Problem description => Please copy all of the entries exactly, but drop every picture.

Record extracts =>
^^^^^^^^
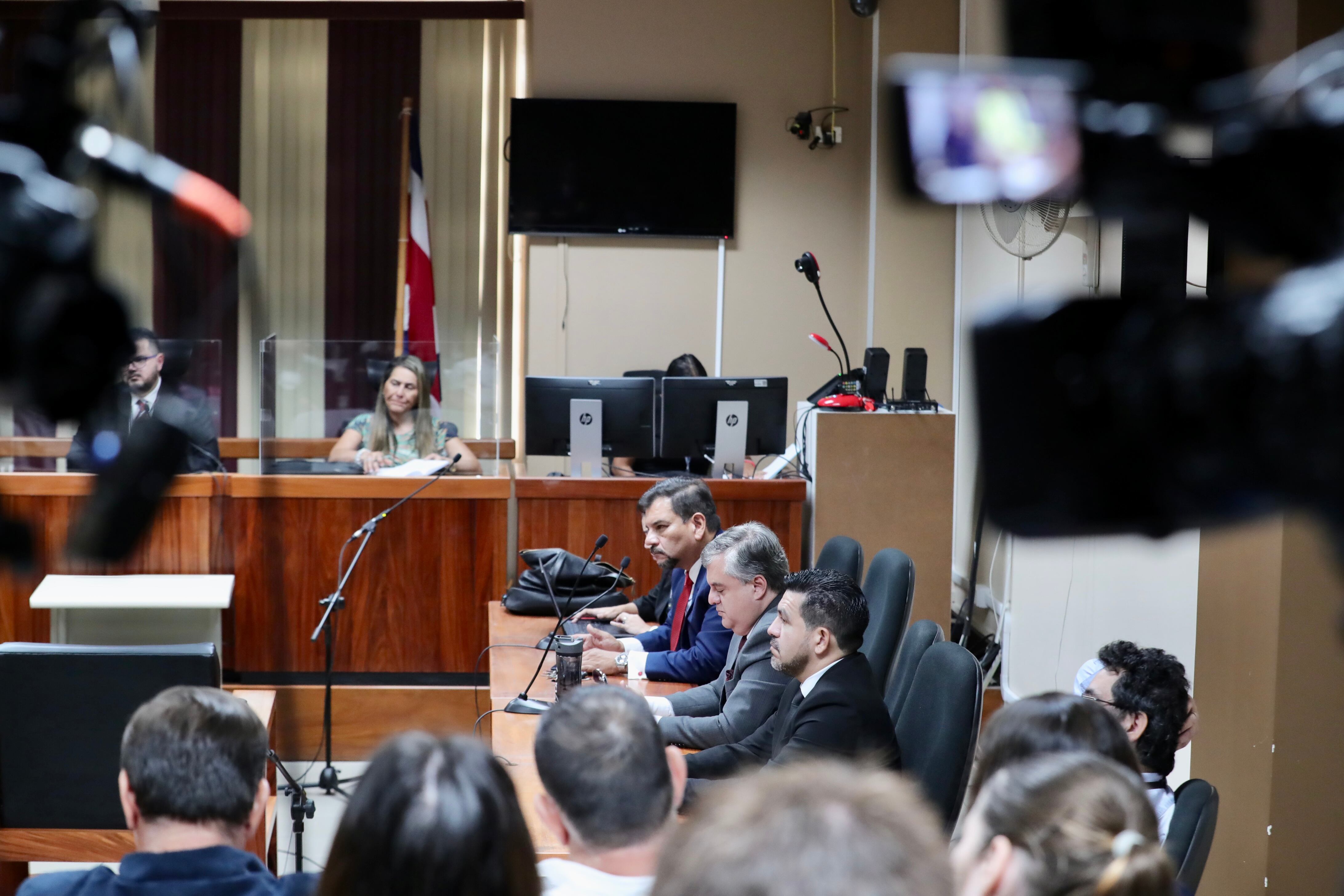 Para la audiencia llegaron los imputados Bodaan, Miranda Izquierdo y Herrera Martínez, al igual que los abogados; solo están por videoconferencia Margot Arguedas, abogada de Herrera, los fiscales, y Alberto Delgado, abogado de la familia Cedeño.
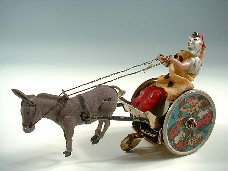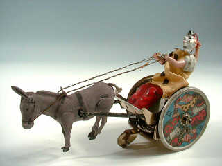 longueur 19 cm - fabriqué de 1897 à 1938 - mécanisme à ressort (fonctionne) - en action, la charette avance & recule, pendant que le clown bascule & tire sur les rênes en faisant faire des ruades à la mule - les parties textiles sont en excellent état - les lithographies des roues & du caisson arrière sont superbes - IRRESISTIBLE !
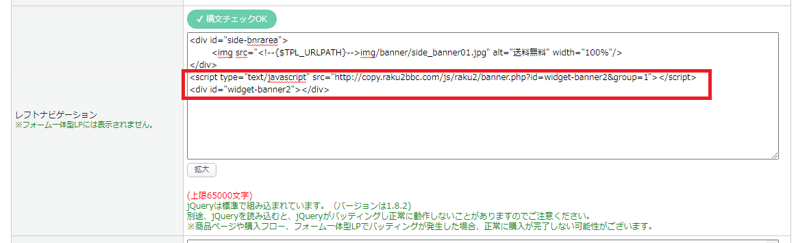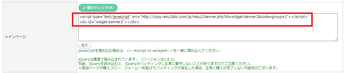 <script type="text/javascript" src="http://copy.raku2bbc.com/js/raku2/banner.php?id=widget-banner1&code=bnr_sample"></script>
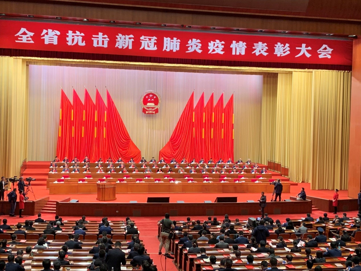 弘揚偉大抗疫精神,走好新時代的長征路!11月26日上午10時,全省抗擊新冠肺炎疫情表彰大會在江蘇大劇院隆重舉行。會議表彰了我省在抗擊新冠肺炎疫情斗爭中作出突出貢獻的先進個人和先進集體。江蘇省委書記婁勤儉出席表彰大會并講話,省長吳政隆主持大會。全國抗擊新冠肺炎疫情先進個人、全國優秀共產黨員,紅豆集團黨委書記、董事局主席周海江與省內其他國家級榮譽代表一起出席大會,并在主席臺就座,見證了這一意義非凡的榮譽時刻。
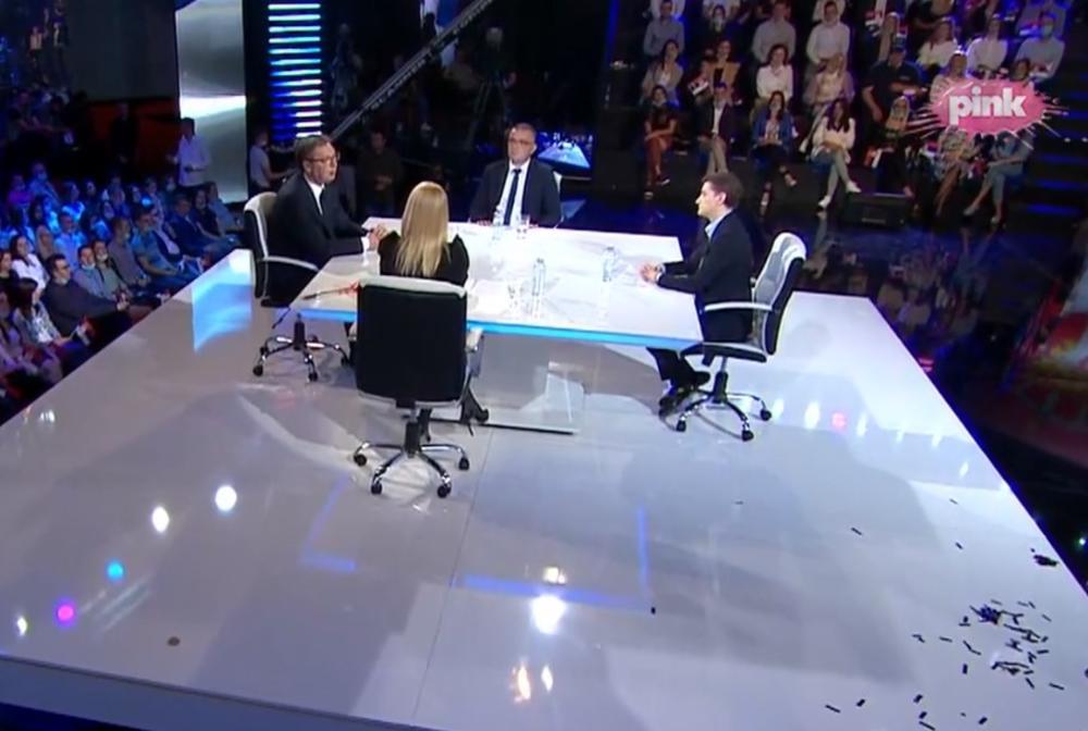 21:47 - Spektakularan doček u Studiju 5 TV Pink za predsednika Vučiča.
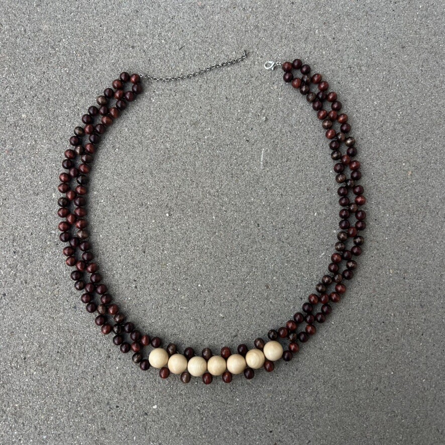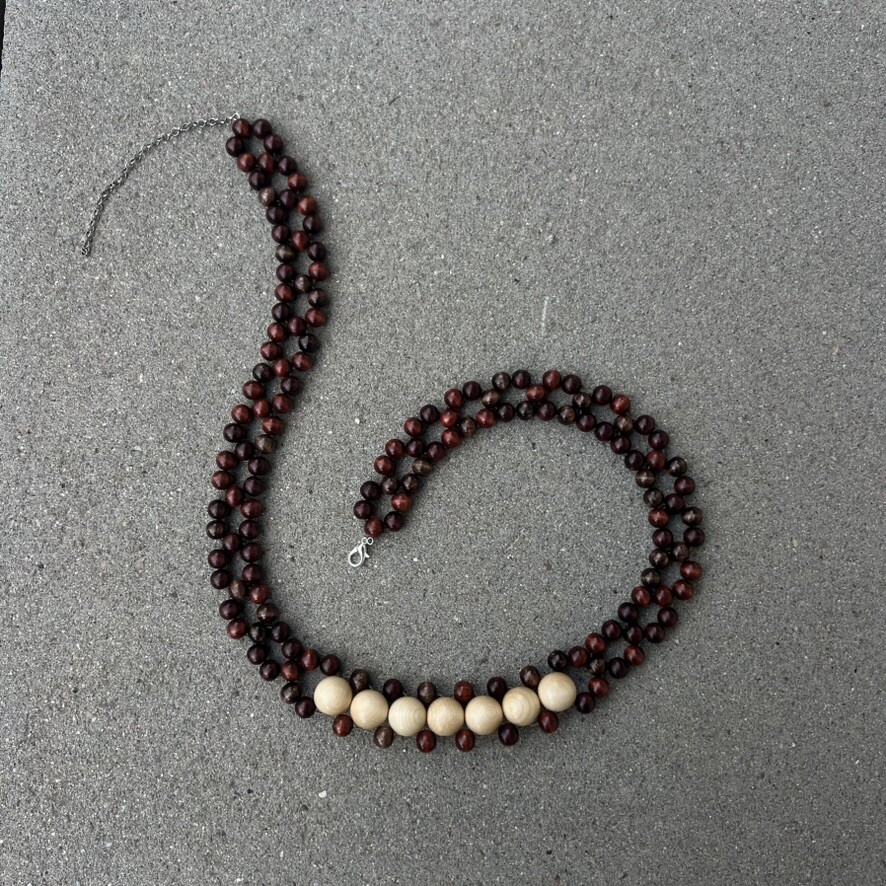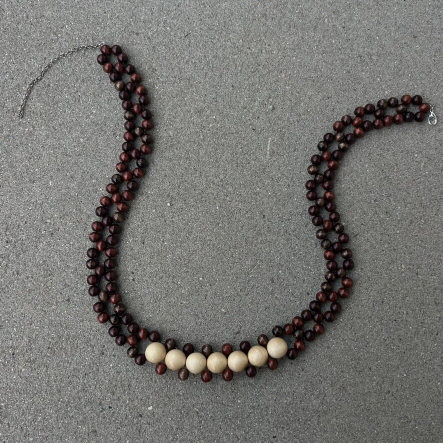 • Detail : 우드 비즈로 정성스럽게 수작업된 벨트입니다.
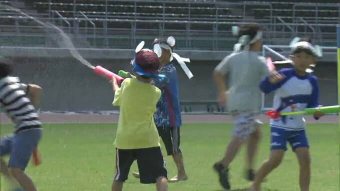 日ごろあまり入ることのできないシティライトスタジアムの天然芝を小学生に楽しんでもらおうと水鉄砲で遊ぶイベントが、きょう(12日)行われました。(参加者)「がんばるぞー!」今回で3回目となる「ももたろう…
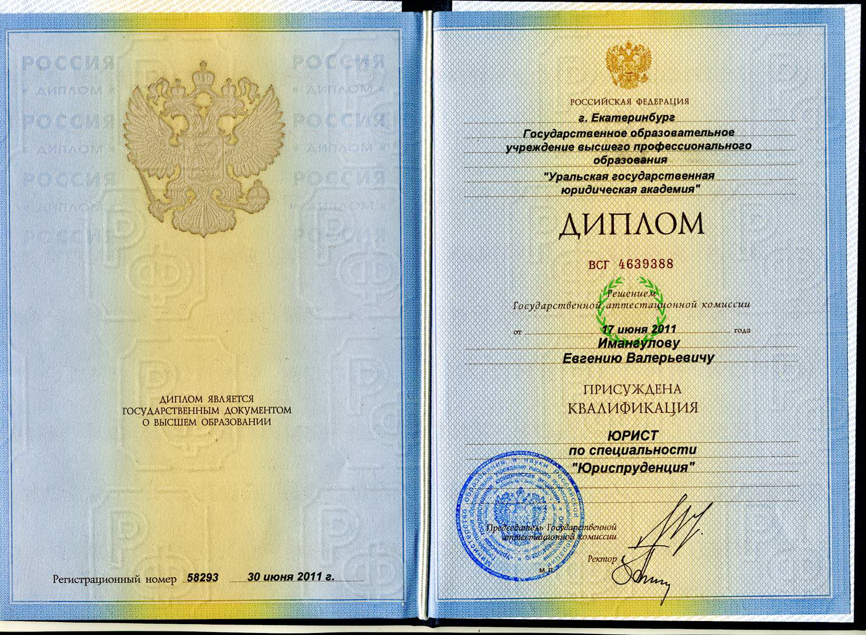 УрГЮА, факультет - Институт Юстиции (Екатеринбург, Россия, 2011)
^^^^^^^^
Task result =>
 Para la audiencia llegaron los imputados Bodaan, Miranda Izquierdo y Herrera Martínez, al igual que los abogados; solo están por videoconferencia Margot Arguedas, abogada de Herrera, los fiscales, y Alberto Delgado, abogado de la familia Cedeño.
 longueur 19 cm - fabriqué de 1897 à 1938 - mécanisme à ressort (fonctionne) - en action, la charette avance & recule, pendant que le clown bascule & tire sur les rênes en faisant faire des ruades à la mule - les parties textiles sont en excellent état - les lithographies des roues & du caisson arrière sont superbes - IRRESISTIBLE !
 <script type="text/javascript" src="http://copy.raku2bbc.com/js/raku2/banner.php?id=widget-banner1&code=bnr_sample"></script>
 弘揚偉大抗疫精神,走好新時代的長征路!11月26日上午10時,全省抗擊新冠肺炎疫情表彰大會在江蘇大劇院隆重舉行。會議表彰了我省在抗擊新冠肺炎疫情斗爭中作出突出貢獻的先進個人和先進集體。江蘇省委書記婁勤儉出席表彰大會并講話,省長吳政隆主持大會。全國抗擊新冠肺炎疫情先進個人、全國優秀共產黨員,紅豆集團黨委書記、董事局主席周海江與省內其他國家級榮譽代表一起出席大會,并在主席臺就座,見證了這一意義非凡的榮譽時刻。
 21:47 - Spektakularan doček u Studiju 5 TV Pink za predsednika Vučiča.
 • Detail : 우드 비즈로 정성스럽게 수작업된 벨트입니다.
 日ごろあまり入ることのできないシティライトスタジアムの天然芝を小学生に楽しんでもらおうと水鉄砲で遊ぶイベントが、きょう(12日)行われました。(参加者)「がんばるぞー!」今回で3回目となる「ももたろう…
 УрГЮА, факультет - Институт Юстиции (Екатеринбург, Россия, 2011)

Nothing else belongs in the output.